Model Spec
What this is
The OpenAI Model Spec is a first draft behavioral specification document published May 08, 2024, covering models deployed in the OpenAI API and ChatGPT. It defines desired assistant behavior through three instrument types—objectives, rules, and defaults—and is intended to guide researchers and data labelers creating RLHF training data. OpenAI states it has not yet used this version in training, though parts derive from prior internal RLHF documentation. A newer version supersedes it; this version is preserved for historical reference.
Capabilities
The document does not discuss benchmark scores, parameter counts, context window size, or modalities.

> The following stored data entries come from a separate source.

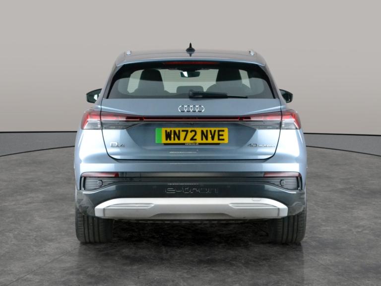 Experience the Audi Q4 E-tron Sport, finished in striking blue and equipped with the sought-after Technology and Comfort & Sound packages. Immerse yourself in premium features like an upgraded sound system, heated seats, and advanced MMI Navigation Plus with Apple CarPlay. Enjoy confident driving with LED headlights, reversing camera, lane departure warning, and front and rear parking sensors. Stay connected with Bluetooth audio streaming and cruise through every journey with adaptive driving modes and traffic sign recognition. 1 service recorded, last serviced on 24/01/2025 at 8,193 miles. MOT to 05/02/2027. Visit our website for service history, online valuation, full vehicle specification plus multiple images. Certain features listed may be available via subscription packages at extra costs, please consult with Audi for details. This vehicle is VAT qualifying. Any feature/option specified here is from 3rd party data. We cannot guarantee the accuracy of any specification supplied by a 3rd party. We recommend that you physically check the specification of the vehicle on site prior to purchase. This information does not form part of the buying contract. Terms & Conditions apply. We have over 2,000 cars available from our 10 national branches, check our website to see all our stock. Our Trustpilot rating is 4.4/5 with over 9,000 reviews.
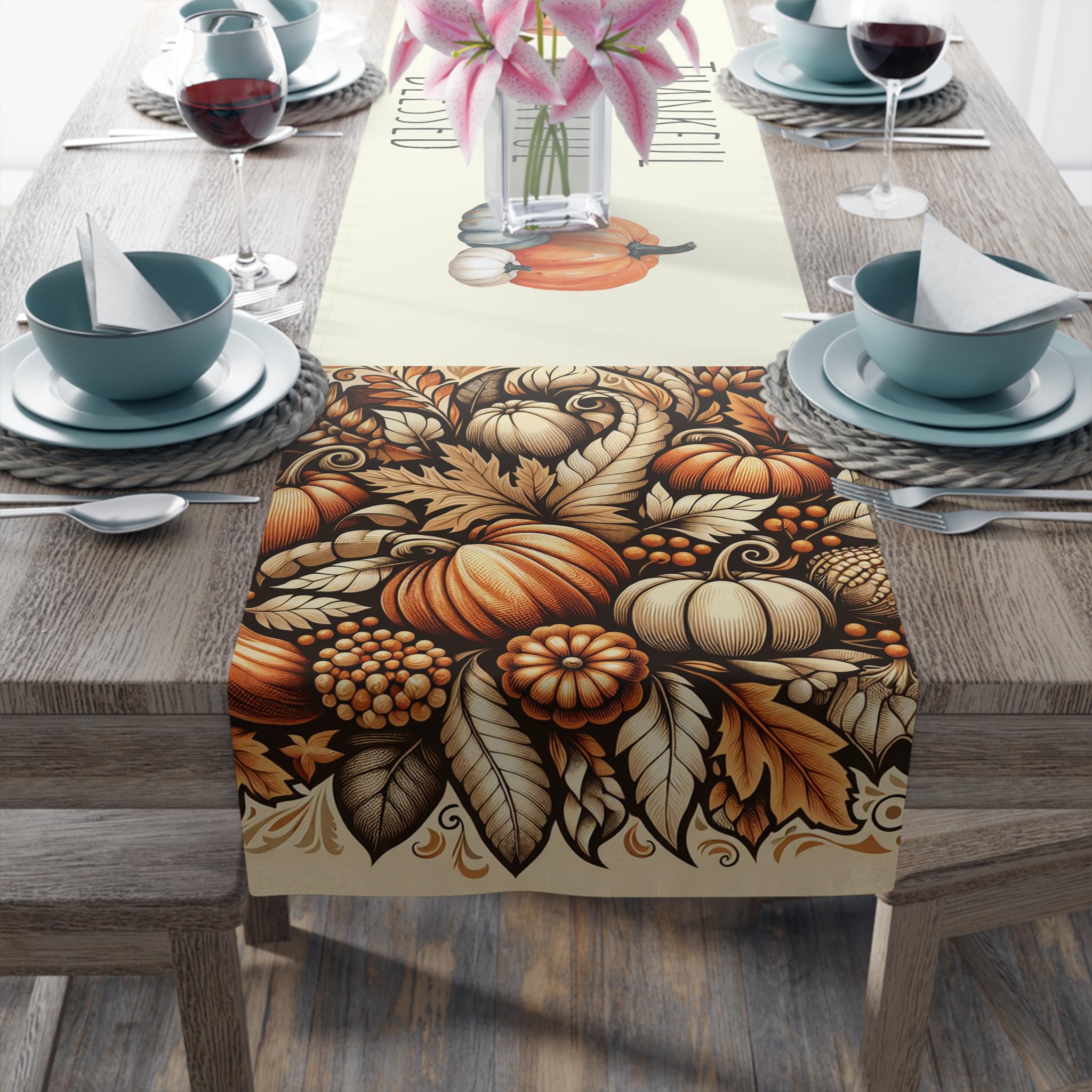 Elevate your dining experience with our stunning Table Runner, designed to bring warmth and charm to any gathering. This beautiful décor piece encapsulates the essence of fall, featuring rich colors and intricate patterns that celebrate the season. Perfect for family dinners, Thanksgiving celebrations, or cozy autumn brunches, it sets a delightful atmosphere for your special occasions. Ideal for anyone who loves hosting or wants to add a touch of seasonal elegance to their home, this Table Runner is a must-have for those who appreciate the beauty of handcrafted design and rich textures. Whether you're creating a festive table setup or simply enhancing your daily dining, this table runner is your go-to choice for comfort and style.
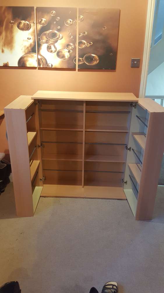 Length 94cm Height 108cm Width 32cm Used Ideally, this cabinet needs to be attached to the wall as it is very heavy. If you open both doors, it will lean over. I do not still have that attachment but it can be purchased else where. I left mine freestanding and it still served me well. Can fit up to 36 pairs of shoes. Getting rid of it because I don't need 36 pairs of shoes... :-) Collection only
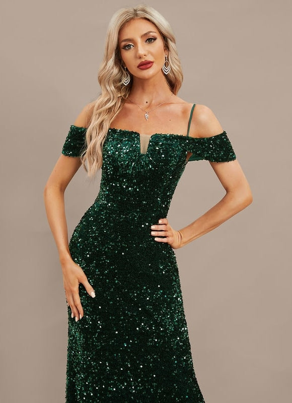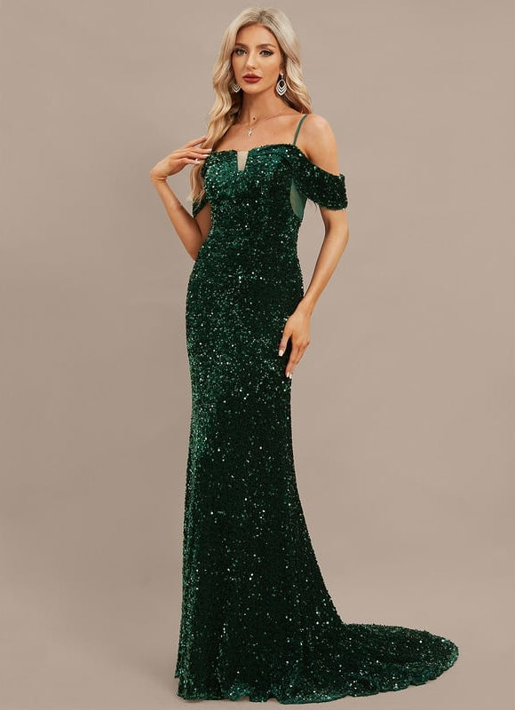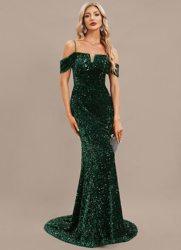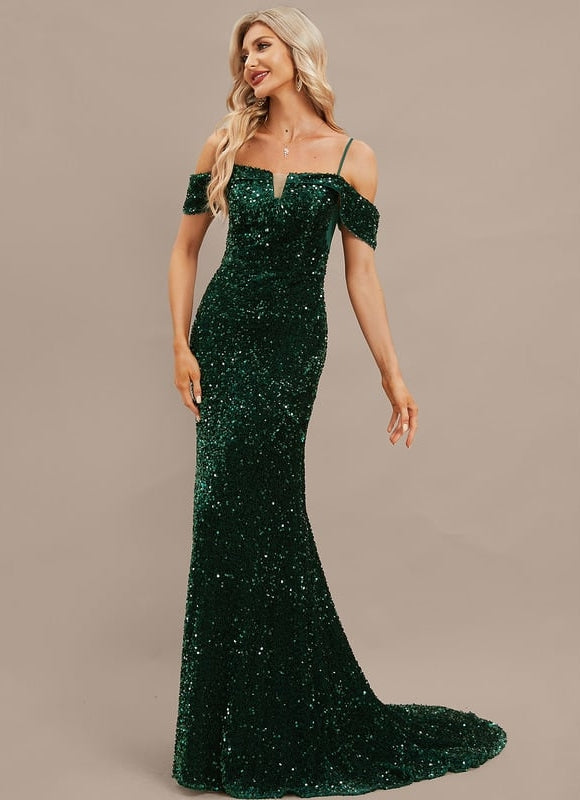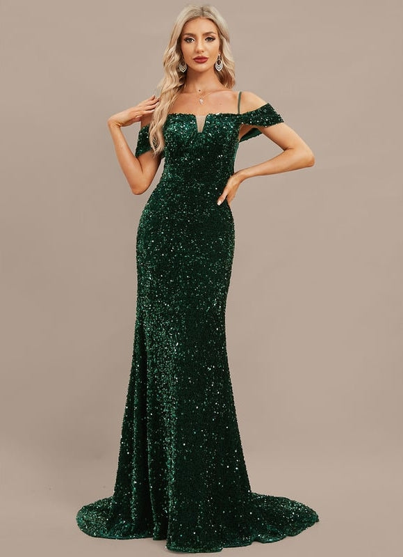 Laissez-vous envoûter par cette magnifique robe Lueur Émeraude qui transformera chaque instant en moment magique. Cette création exceptionnelle marie à la perfection l'éclat des paillettes et la sophistication d'une coupe sirène pour vous offrir une silhouette à couper le souffle. Le tissu entièrement pailleté capture et reflète la lumière sous tous les angles, créant un jeu d'ombres et de reflets qui sublimera votre beauté naturelle. Sa couleur émeraude profonde évoque le mystère et l'élégance, tandis que la coupe ajustée épouse parfaitement vos courbes avant de s'évaser gracieusement vers le bas. Cette robe longue avec traîne vous garantit une entrée remarquée lors de vos événements les plus prestigieux.
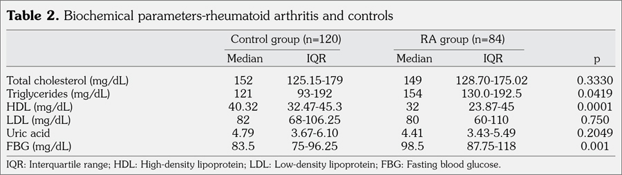 Biochemical parameters are demonstrated in Table 2. Median HDL level was significantly lower in RA group than in control group. Similarly, median triglyceride and fasting blood glucose levels were significantly higher in RA group than in control group. However, no difference was noted between both groups with respect to total cholesterol, serum uric acid, and LDL cholesterol levels.
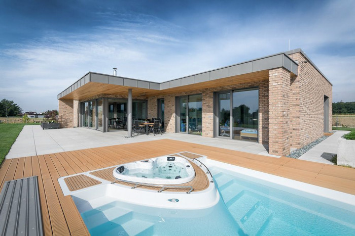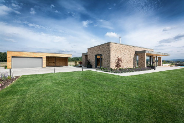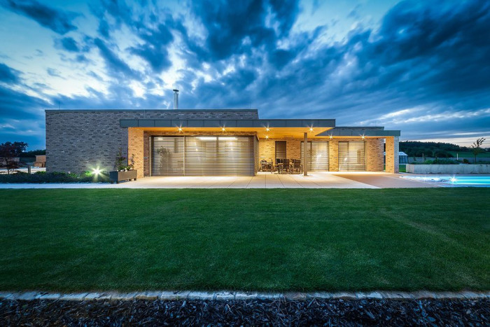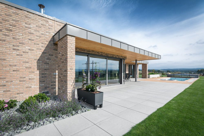 Fasády jsou sjednoceny obkladem z lícových pásků v elegantních odstínech pískové a šedé. Linie markýzy a ostění otvorů jsou zvýrazněny oplechováním v šedém odstínu.

It is a behavioral policy specification, not a model card describing technical performance.
Evaluation methodology
The document does not describe evaluation methodology, red-teaming protocols, or contamination controls. It frames itself as guidelines for RLHF data creation rather than a record of empirical testing.
Safety testing
The card does not report safety evaluations, capability elicitation trials, or red-team findings. Safety is addressed through prescriptive rules rather than empirical testing results.
Mitigations
Hard rules prohibit assisting with CBRN threat creation, enabling or encouraging self-harm, reproducing content that infringes intellectual property, serving NSFW content by default, and disclosing private personal information. A message-role trust hierarchy (Platform > Developer > User > Tool) structures which instructions the model must follow and which it may override. Quoted or structured data in any message is treated as untrusted by default to mitigate prompt injection. NSFW content generation via API is described as under exploration for age-appropriate contexts, with no ASL or safety-level tier invoked in this document.
Deployment and access
The spec governs models available through the OpenAI API and the ChatGPT product. Compliance with OpenAI's Usage Policies is required of all developers and users; the spec explicitly defers account-level enforcement actions to those policies. Developers are granted substantial customization authority over assistant behavior within the bounds the spec establishes.
Limitations
OpenAI acknowledges the objectivity principle is "the most contentious and challenging to implement" because different parties disagree about what is objective or true. The document notes tension between not reinforcing misinformation and not attempting to change users' beliefs, flagging this as an open question. Refusal phrasing is described as unsatisfying: "we're not thrilled" with current 'can't' framing but have not resolved it. The spec is explicitly partial—it is not exhaustive and will be updated as feedback is gathered.
What's new
This is the initial public release of the Model Spec, dated May 08, 2024, described as a first draft. A newer version has since been published at model-spec.openai.com; a full changelog is maintained at the OpenAI model_spec GitHub repository.